What the exercise asks — Once the pictures are set aside, transcribe each line of the data exactly.

Data excerpt —
● ● ● ● ● ● ●
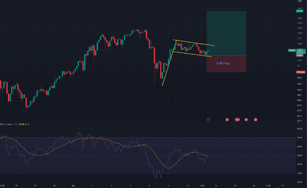 Le graphique montre LINK formant un motif de drapeau haussier, un signe de mouvement ascendant continu. Après une forte hausse, le prix évolue dans un canal descendant. Le RSI à 49,24 indique un momentum neutre, laissant place à la croissance. Une rupture au-dessus du canal pourrait viser une capitalisation boursière totale de 1,22 T$, confirmant un sentiment haussier.
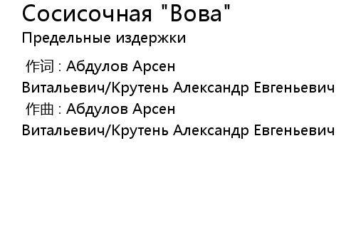 | [00:00.00-1] | 作曲 : Абдулов Арсен Витальевич/Крутень Александр Евгеньевич |
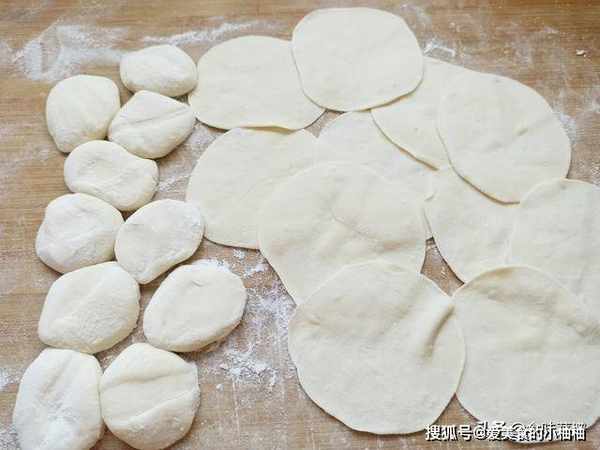 5、案板上撒些干面粉,随便揉搓几下,然后搓成细长条,分成相等的剂子,用掌心正反面按压,擀成中间厚四周薄的饺子皮,这样不易煮破。
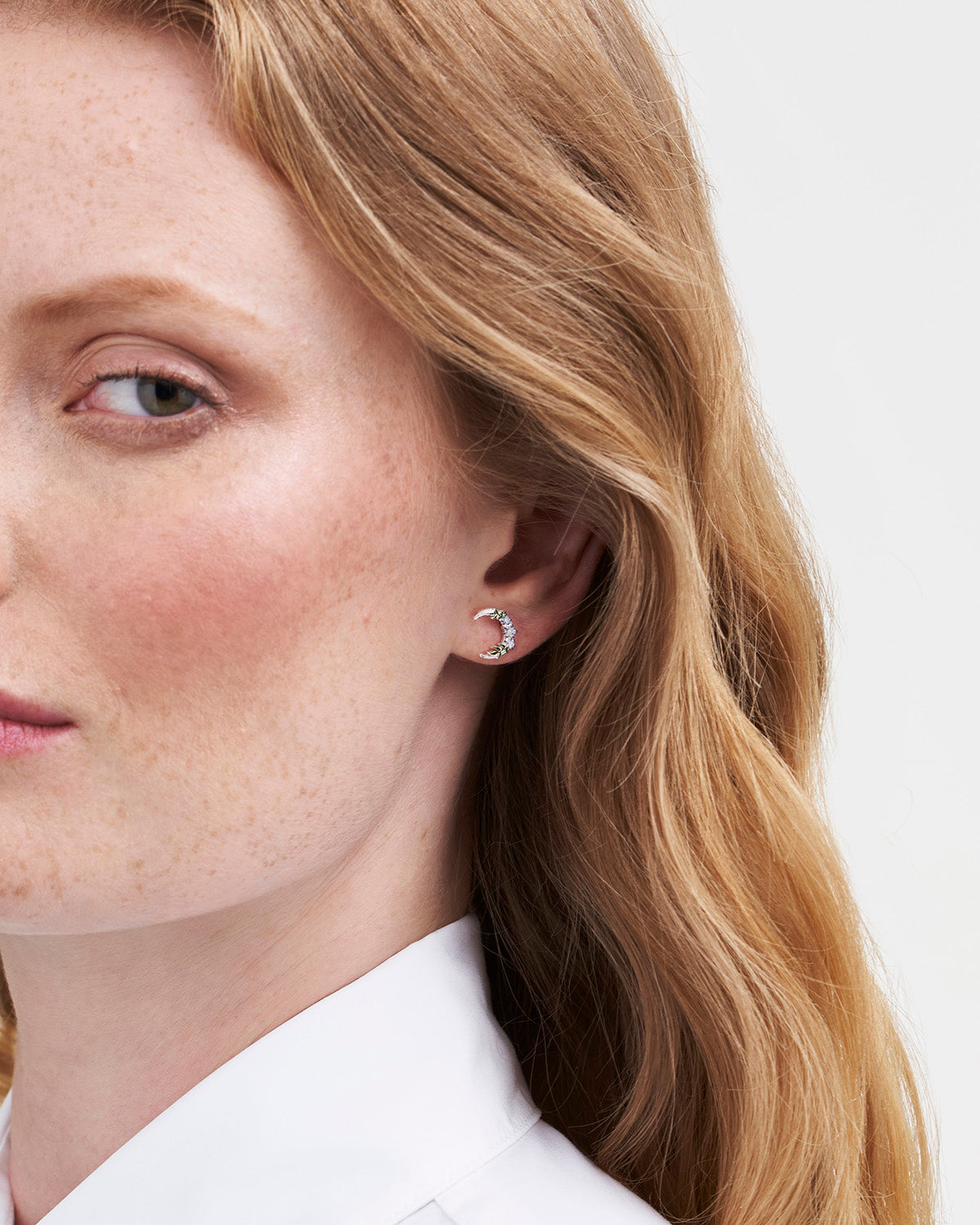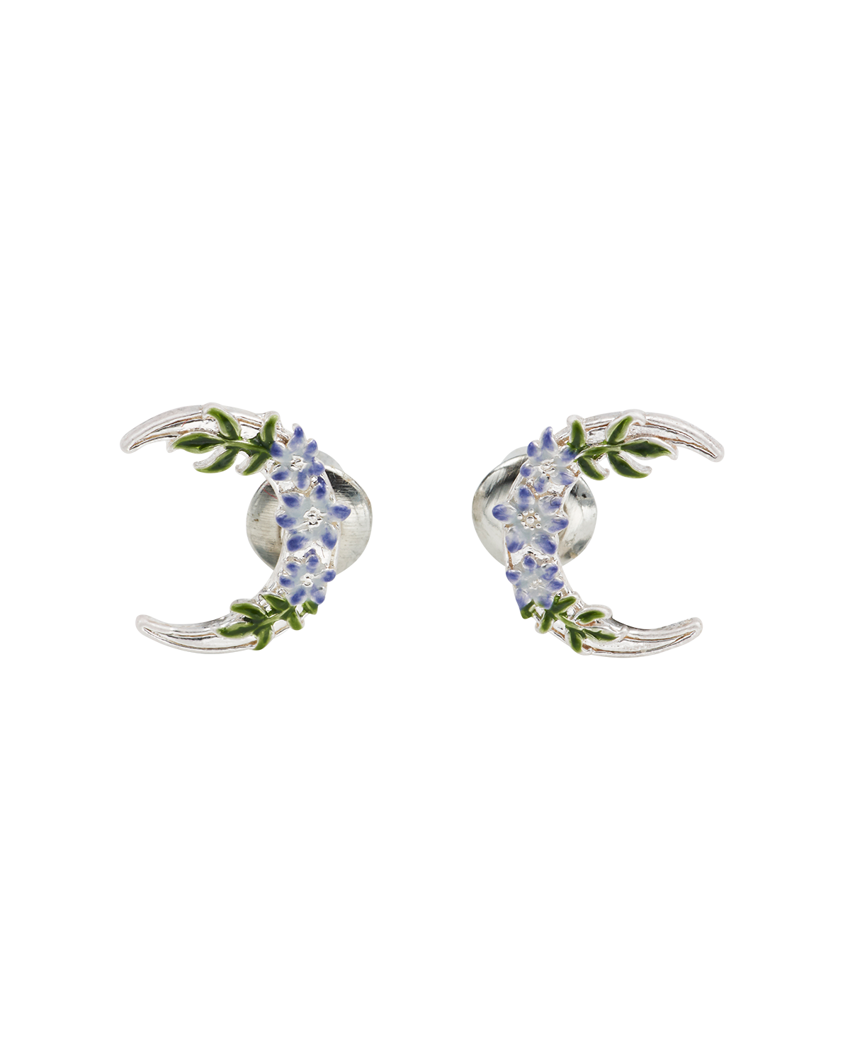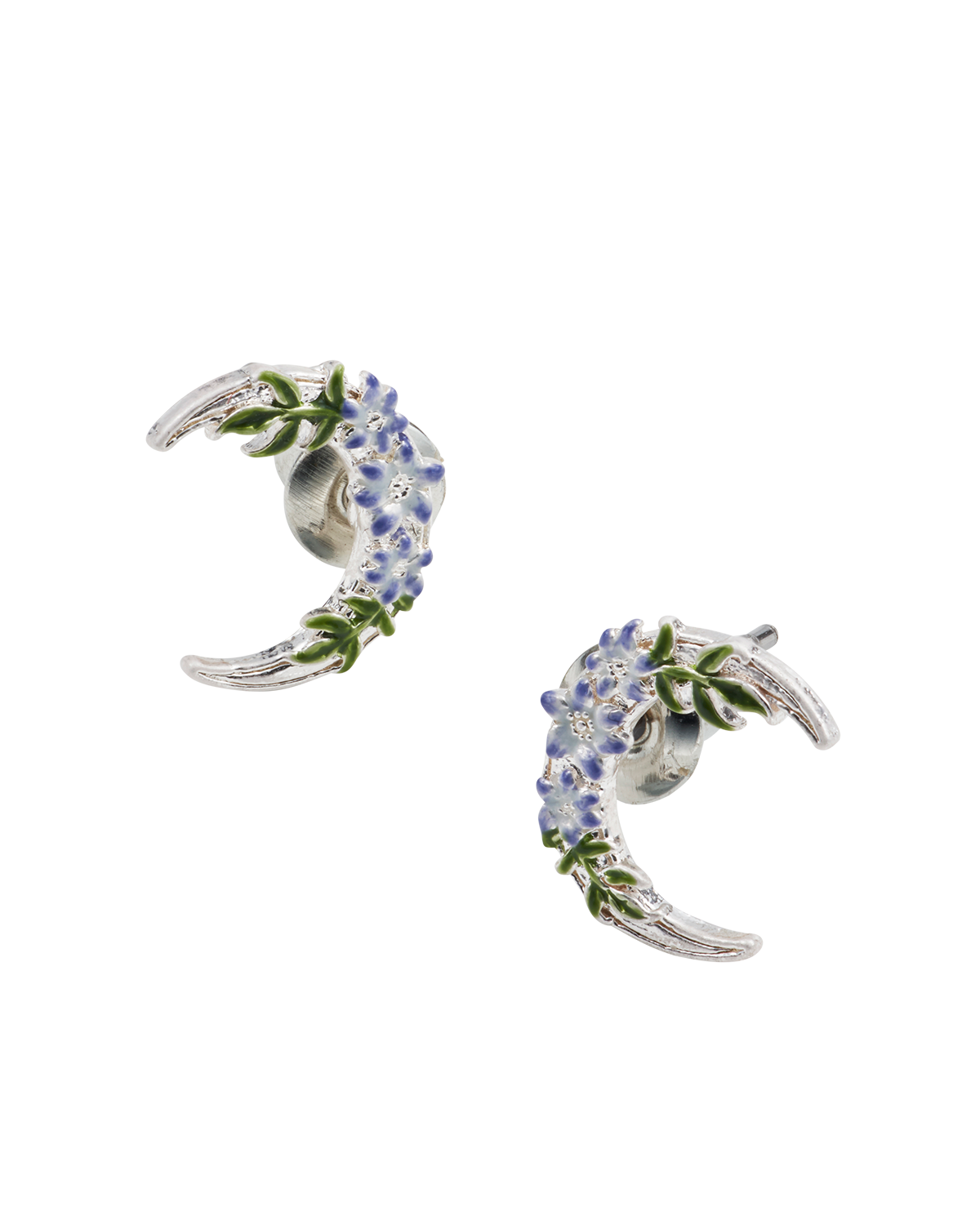 Pair of silver earrings with floral moon design on a white background
● ● ● ● ● ● ●
Answer to the problem —
 Le graphique montre LINK formant un motif de drapeau haussier, un signe de mouvement ascendant continu. Après une forte hausse, le prix évolue dans un canal descendant. Le RSI à 49,24 indique un momentum neutre, laissant place à la croissance. Une rupture au-dessus du canal pourrait viser une capitalisation boursière totale de 1,22 T$, confirmant un sentiment haussier.
 | [00:00.00-1] | 作曲 : Абдулов Арсен Витальевич/Крутень Александр Евгеньевич |
 5、案板上撒些干面粉,随便揉搓几下,然后搓成细长条,分成相等的剂子,用掌心正反面按压,擀成中间厚四周薄的饺子皮,这样不易煮破。
 Pair of silver earrings with floral moon design on a white background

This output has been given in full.